[英]reformat a pandas dataframe
I've been working on this for a while I have dataframe that looks like this我已经研究了一段时间我有 dataframe 看起来像这样
tables columns
tab1 col001
tab1 col002
tab1 col003
tab2 col01
tab2 col02
tab2 col03
the real one has 1500 total tables, some column names are duplicated and the entire thing is 80,000 rows by 2 columns, I am trying to get it formatted like this真正的有 1500 个表,一些列名是重复的,整个东西是 80,000 行乘 2 列,我试图让它像这样格式化
tables columns
tab1 col001,col002,col003
tab2 col01,col02,col03
I tried a crosstab like so我尝试了这样的交叉表
cross_table = pd.crosstab(df['tables'],
df['columns']).fillna('n/a')
but that's not exactly what I am going for it ends up with all columns as 1's and 0's and is a large sparse matrix但这并不完全是我想要的,它最终将所有列都作为 1 和 0,并且是一个大的稀疏矩阵
I also tried this, but the error of allocating 2 GiB makes me think this is incorrect我也试过这个,但是分配 2 GiB 的错误让我觉得这是不正确的
df.pivot(columns=['tables', 'columns'], values=['columns'])

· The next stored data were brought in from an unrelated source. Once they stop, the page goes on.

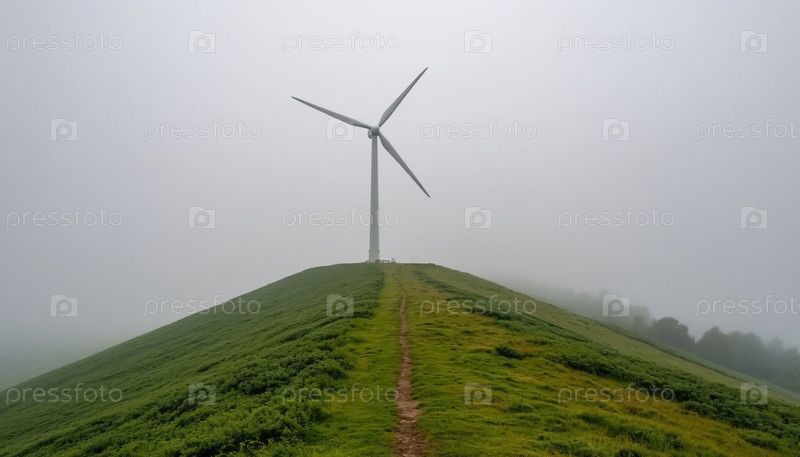 Ветряная турбина на вершине зеленого холма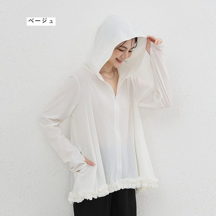 水陸両用フリルラッシュガード UVカット日焼け防止 水着 ラッシュガード レディース フード付き 長袖 トップス 速乾 ママ 水着 体型カバー フリル フ 体型カバー UVパーカー 接触冷感 2lE7606 WWW_GLOBALQUALITYIMPORTS_COM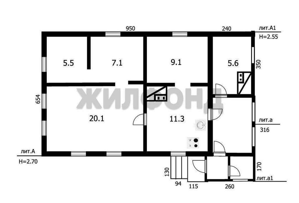 Материал стен: шлакоблок с деревянными перекрытиями.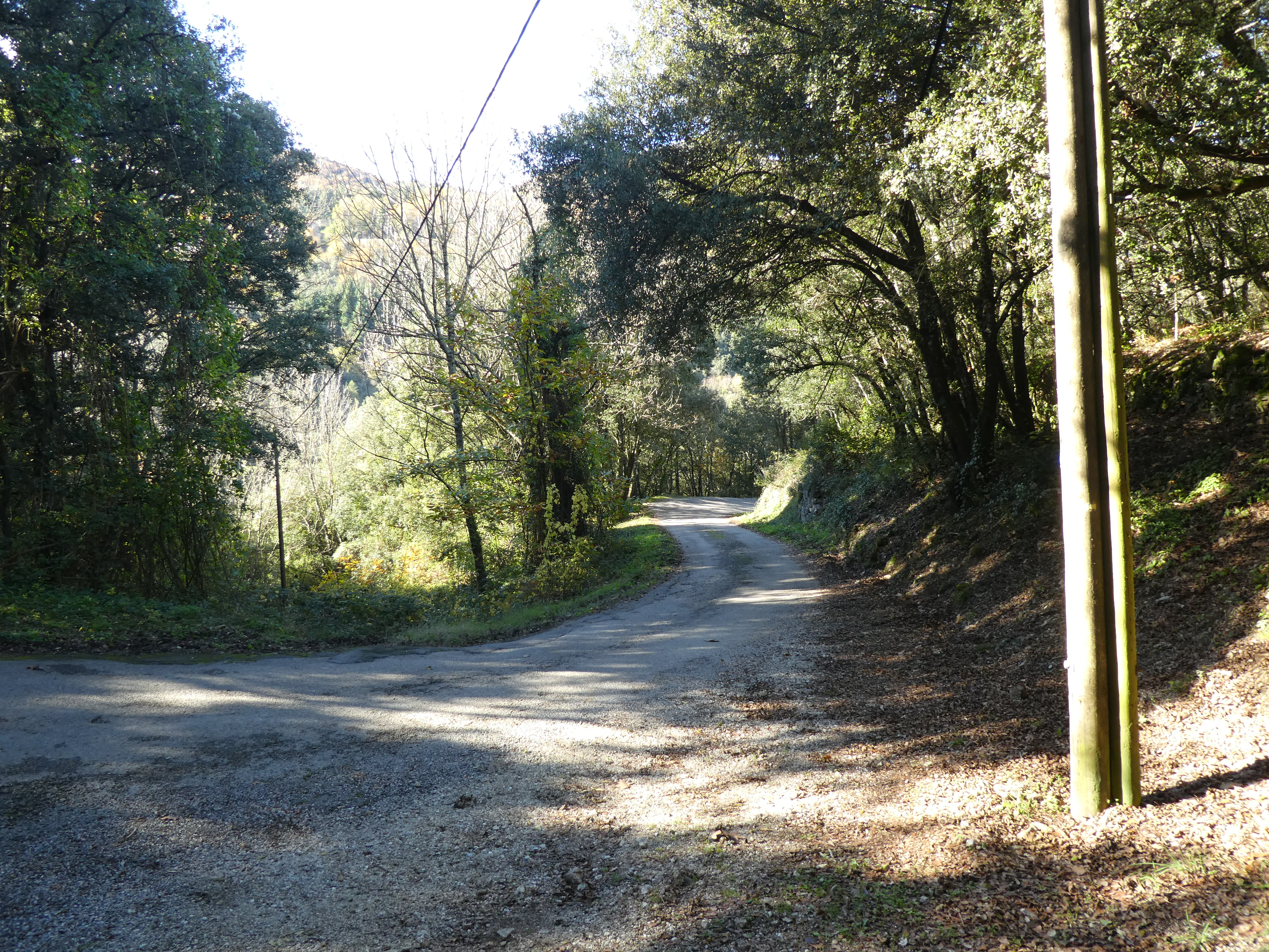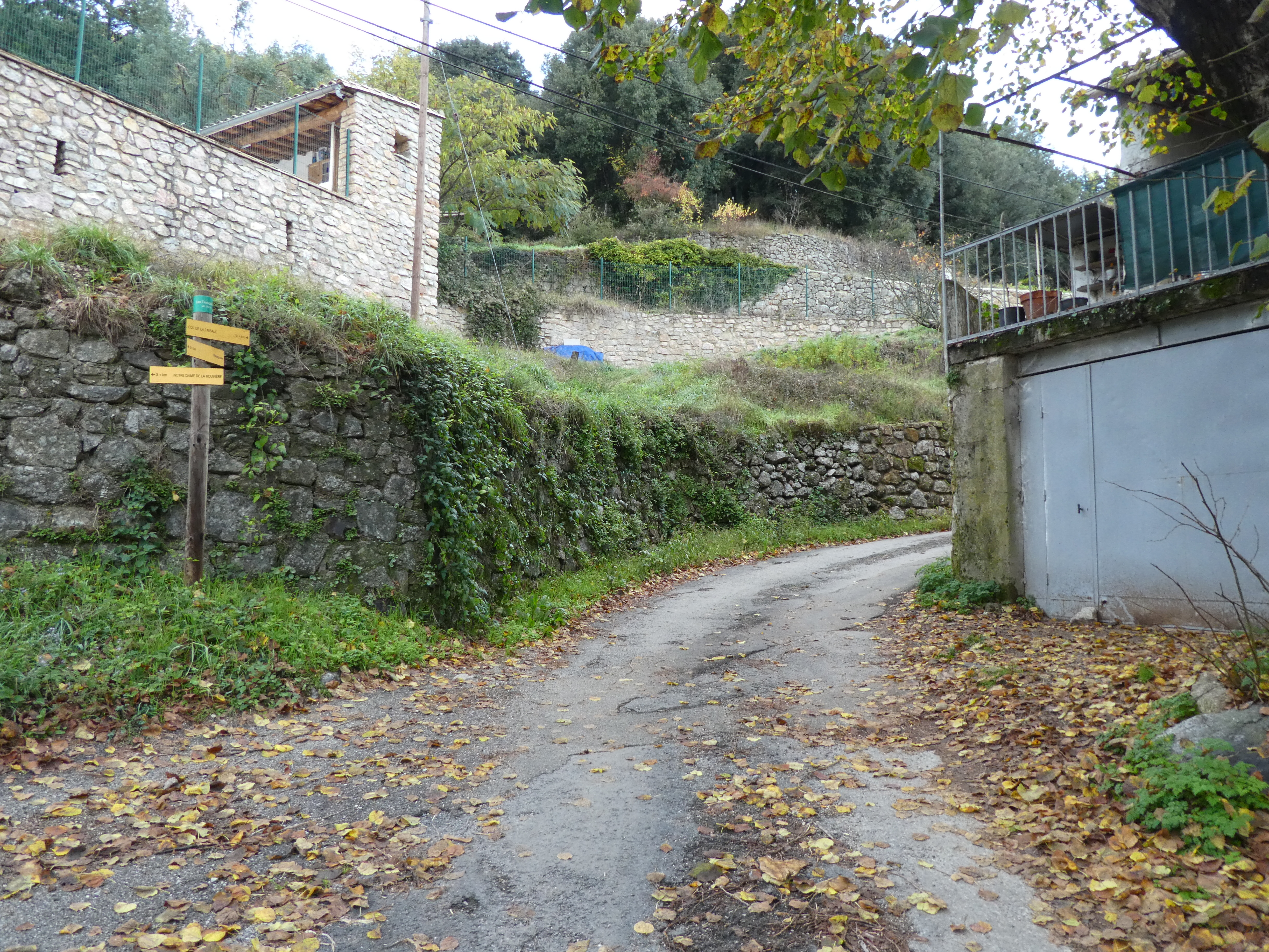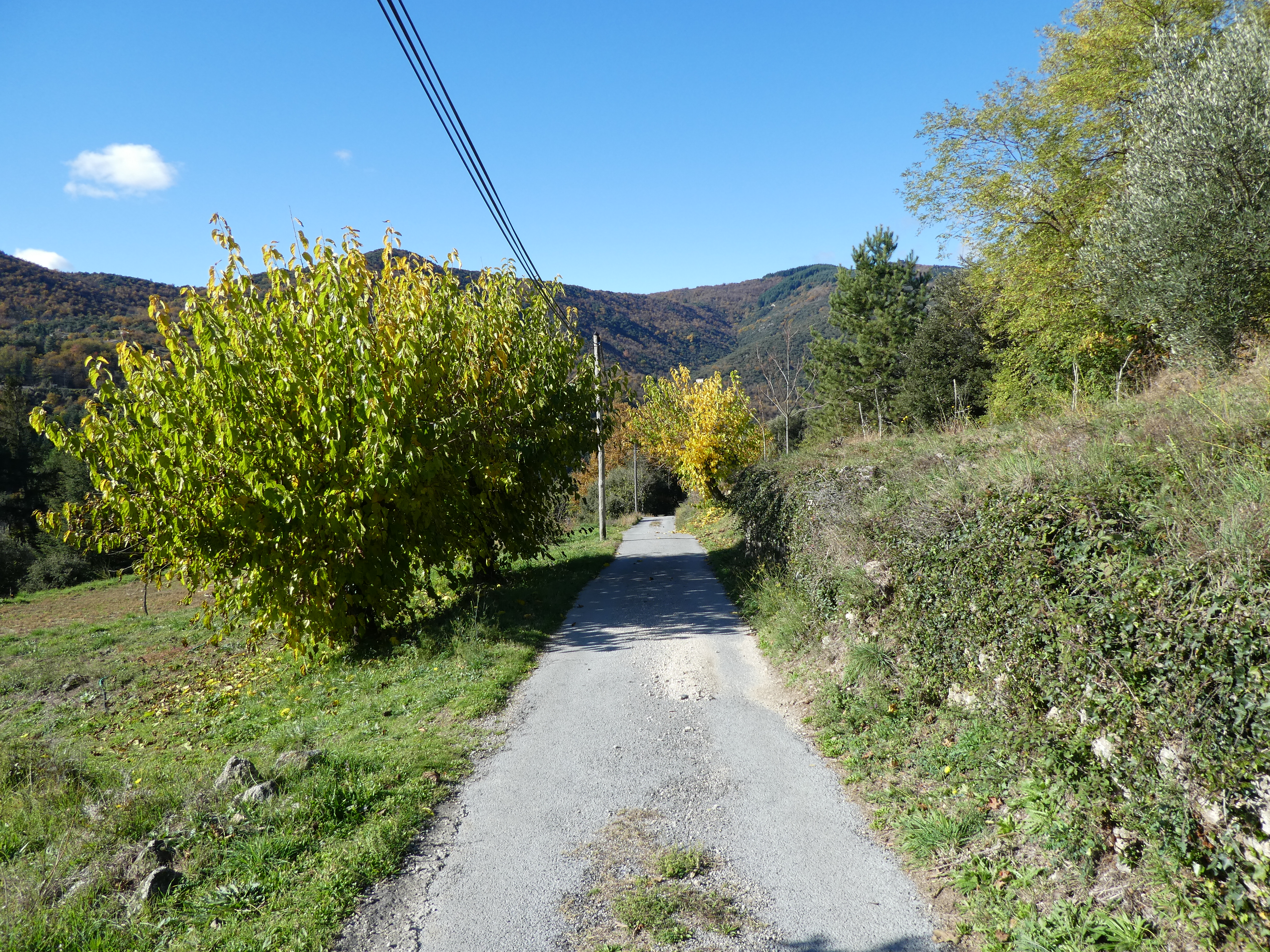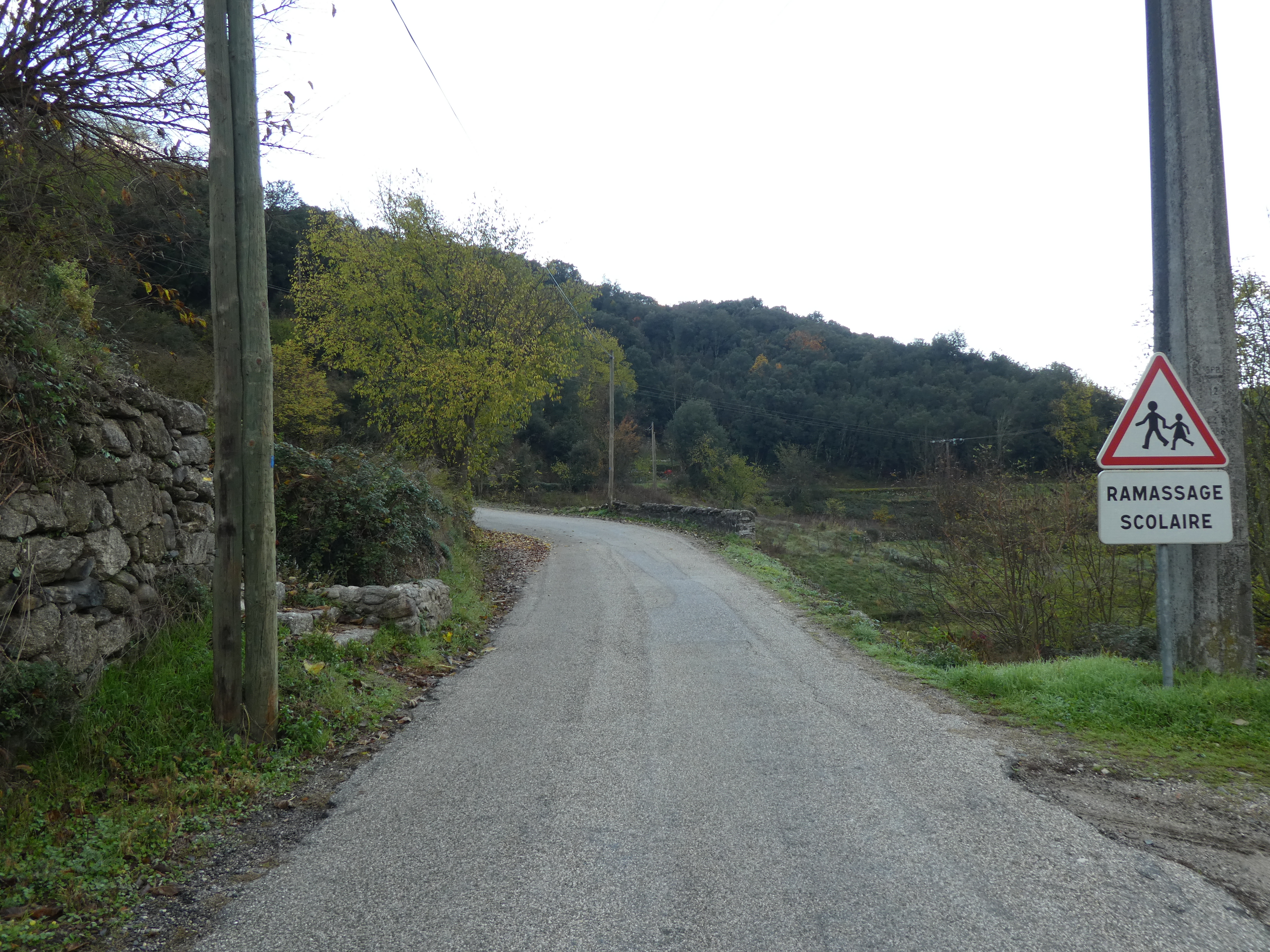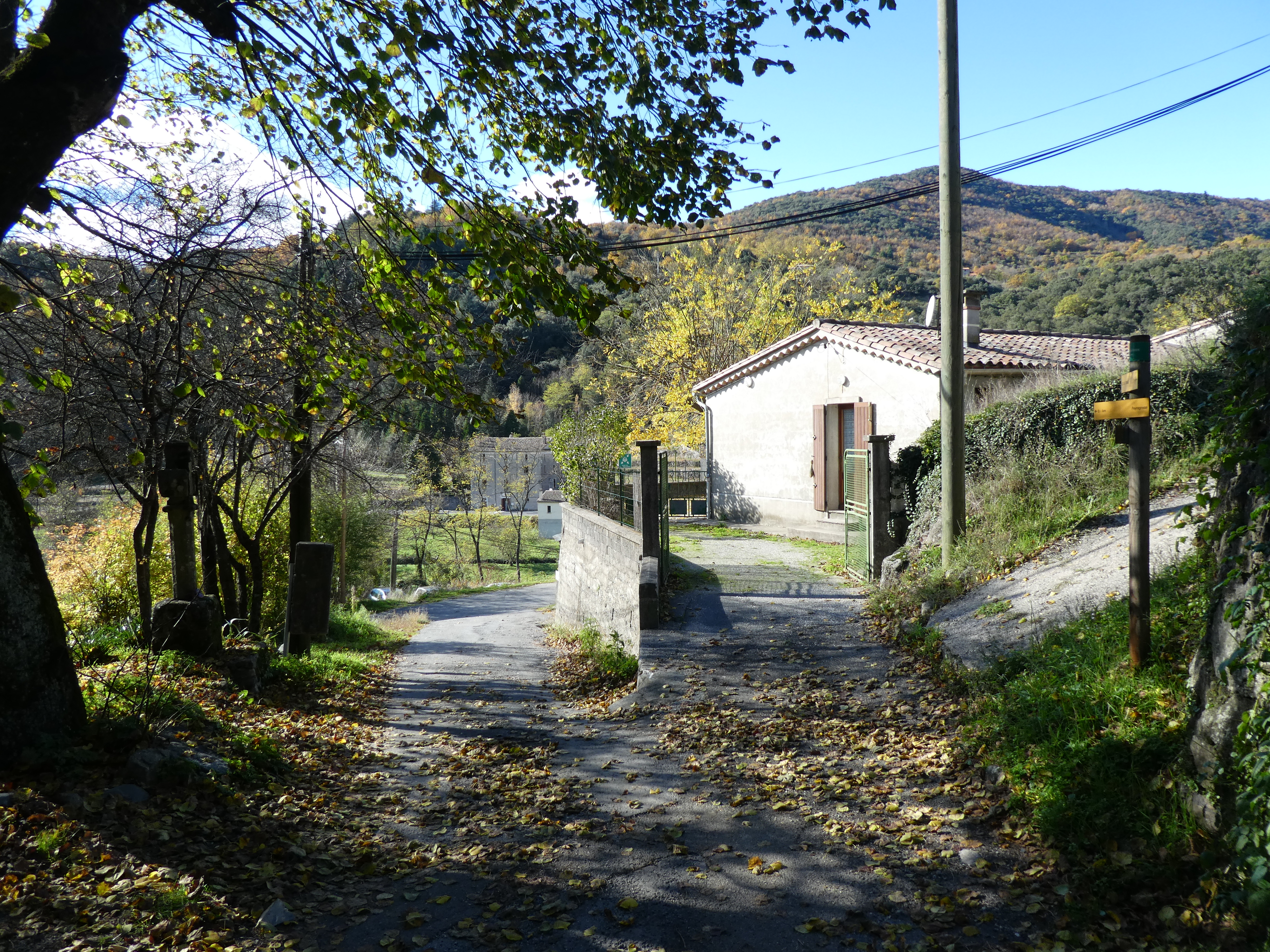 A ce croisement situé au niveau du lieu-dit "Agrine" (1800 mètres après le précédent), suivre le chemin montant sur la droite qui va se transformer en route goudronnée direction Notre-Dame-de-la-Rouvière, balisé en jaune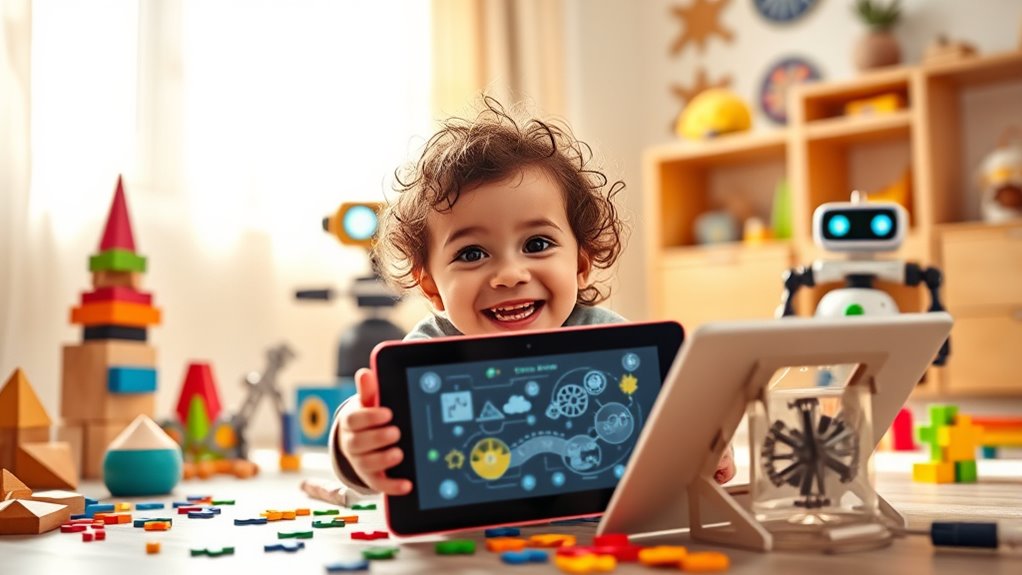 Have you ever wondered how STEM toys can boost your toddler’s early learning? These toys are designed to develop essential cognitive skills like problem-solving, reasoning, and understanding scientific concepts. When choosing, look for age-appropriate options that introduce foundational skills such as fine motor coordination, spatial awareness, and basic engineering principles. Hands-on experimentation and exploration are key, as they encourage active engagement and experiential learning. Toys that feature clear instructions promote independent discovery and spark curiosity about how things work. Additionally, prioritize high-quality options made from safe, non-toxic materials. This guarantees a secure environment for your child’s development while making learning fun. Ultimately, the right STEM toy should stimulate their mind and foster a love for learning through meaningful, educational play.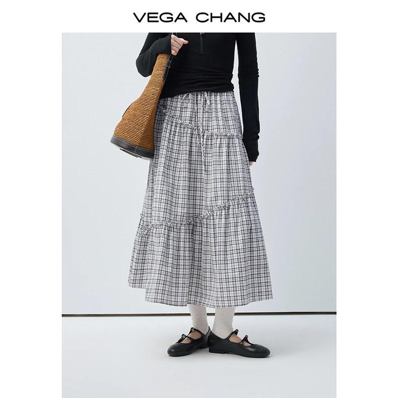 Vega Chang Nuova Gonna Casual a Quadri Primaverile e Autunnale per Donna Giovanile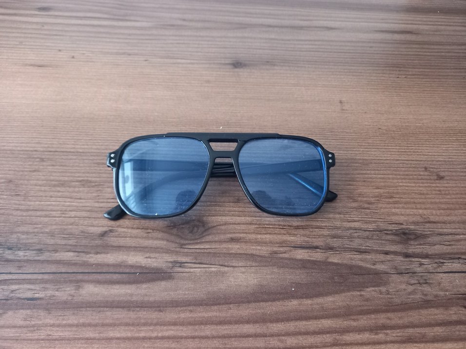 Kadınlar için parlak siyah çerçeveli, koyu mavi camlı, minimalist ve sade tarzda, hafif karşı kültür etkisi taşıyan gözlük. ️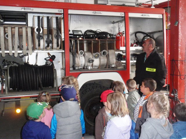 19 maja 2015 r. odwiedziliśmy Ochotniczą Straż Pożarną w Olszance. Na wycieczce został zaprezentowany sprzęt pożarniczy stanowiący wyposażenie jednostki Straży Pożarnej. Oglądaliśmy wozy strażackie, sprzęt do gaszenia pożarów. Dzieci mogły usiąść za kierownicą, przymierzyć hełm strażacki, spróbować potrzymać wąż strażacki. W formie pogadanki dzieci zapoznały się z zadaniami realizowanymi przez straż pożarną, sposobami alarmowania oraz zachowania się w przypadku zagrożenia. Dzieci utrwaliły sobie numer telefonu do Straży Pożarnej - 998 i numer alarmowy – 112. Na zakończenie dzieci otrzymały od strażaków pamiątkowe gadżety i cukierki, natomiast dzieci wręczyły strażakom laurkę z okazji ich święta.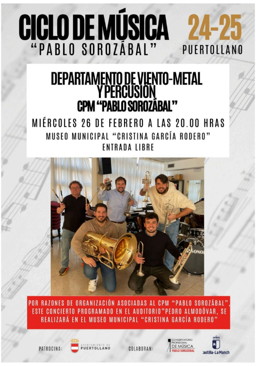 El Departamento de Viento Metal y Percusión del CPM “Pablo Sorozábal” ofrecerá un concierto el próximo día 26 de febrero a las 20 horas en el museo municipal “Cristina García Rodero” con motivo del Ciclo de Concierto “Pablo Sorozábal” 24 – 25 que se está desarrollando este año en la localidad de Puertollano.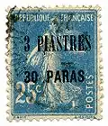 Originally, the post office used postage stamps of France, but these were denominated in centimes and francs instead of the local piasters, so beginning in 1885, some French stamps were surcharged in piasters, at a rate of four piasters to the franc.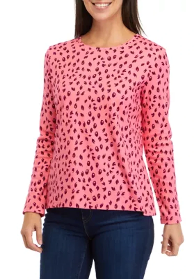 A relaxing style is updated with an eye-catching print, making this t-shirt from Kim Rogers® a charming choice for everyday wear. Pullover Crew neck Long set-in sleeves Imported Belk Exclusive Product Specifications 24.5" L Material & Care Cotton Machine washable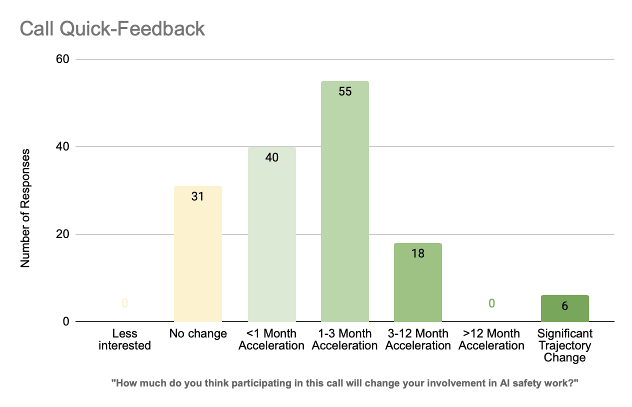 Following each call, we distribute a feedback form to participants. 52% of professionals complete the survey, and of those, 79% report that the call accelerated their involvement in AI safety: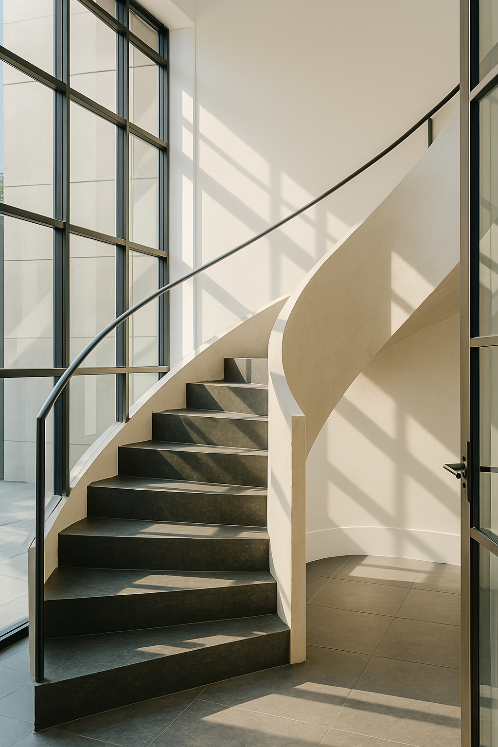 A sculptural staircase in Palo Alto that catches 4pm sun just right — designed for reflection, not just circulation.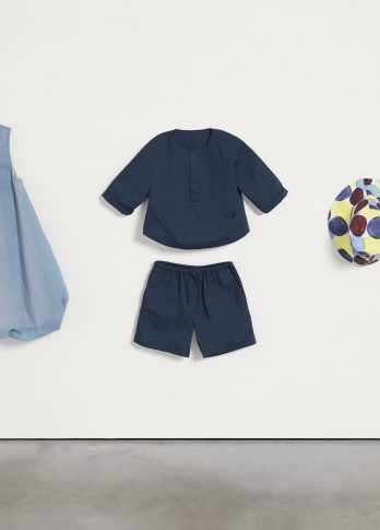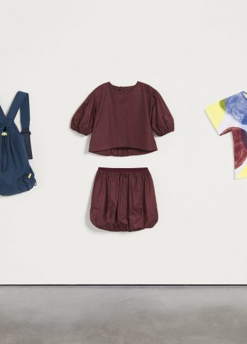 *Коллекция для детей игриво исследует явления и цвета, которые послужили вдохновением для коллекции сезона. Воздушные технические ткани формируют легкие дождевики и куртки-анораки, а в комплекте к ним идут базовые предметы одежды из хлопка, такие, как объемный топ и юбка из поплина или футболка с квадратным подолом. Аксессуары, такие как игриво переосмысленная сумка на пояс, дополнены цветными деталями, а панама переинтерпретирована с использованием особой печати in-house.

I also tried pandas melt but that doesn't seem right either我也试过 pandas 融化,但这似乎也不对
then I tried to cast the columns to a list like so然后我尝试将列转换为这样的列表
cols = list(df['columns'].unique())
df['cols'] = df['columns'].str.findall(f'({"|".join(cols)})')
I tried that because it worked before for extracting text, but in a different context, as it is written it just splits each column name into individual characters我试过了,因为它以前用于提取文本,但在不同的上下文中,因为它只是将每个列名拆分为单个字符
df = pd.DataFrame({'tables': {0: 'tab1', 1: 'tab1', 2: 'tab1', 3: 'tab2', 4: 'tab2', 5: 'tab2'},
'columns': {0: 'col001',
1: 'col002',
2: 'col003',
3: 'col01',
4: 'col02',
5: 'col03'}})
groupby
: groupby
:df = df.groupby('tables').agg(', '.join).reset_index() # Almost same as the answer in the post's comment section via @Psidom
pivot_table
: pivot_table
:df = df.pivot_table(index = 'tables', values = 'columns', aggfunc = ', '.join).reset_index()
list comprehension
: list comprehension
:df = pd.DataFrame([(i, ', '.join(df[df['tables'] == i]['columns']))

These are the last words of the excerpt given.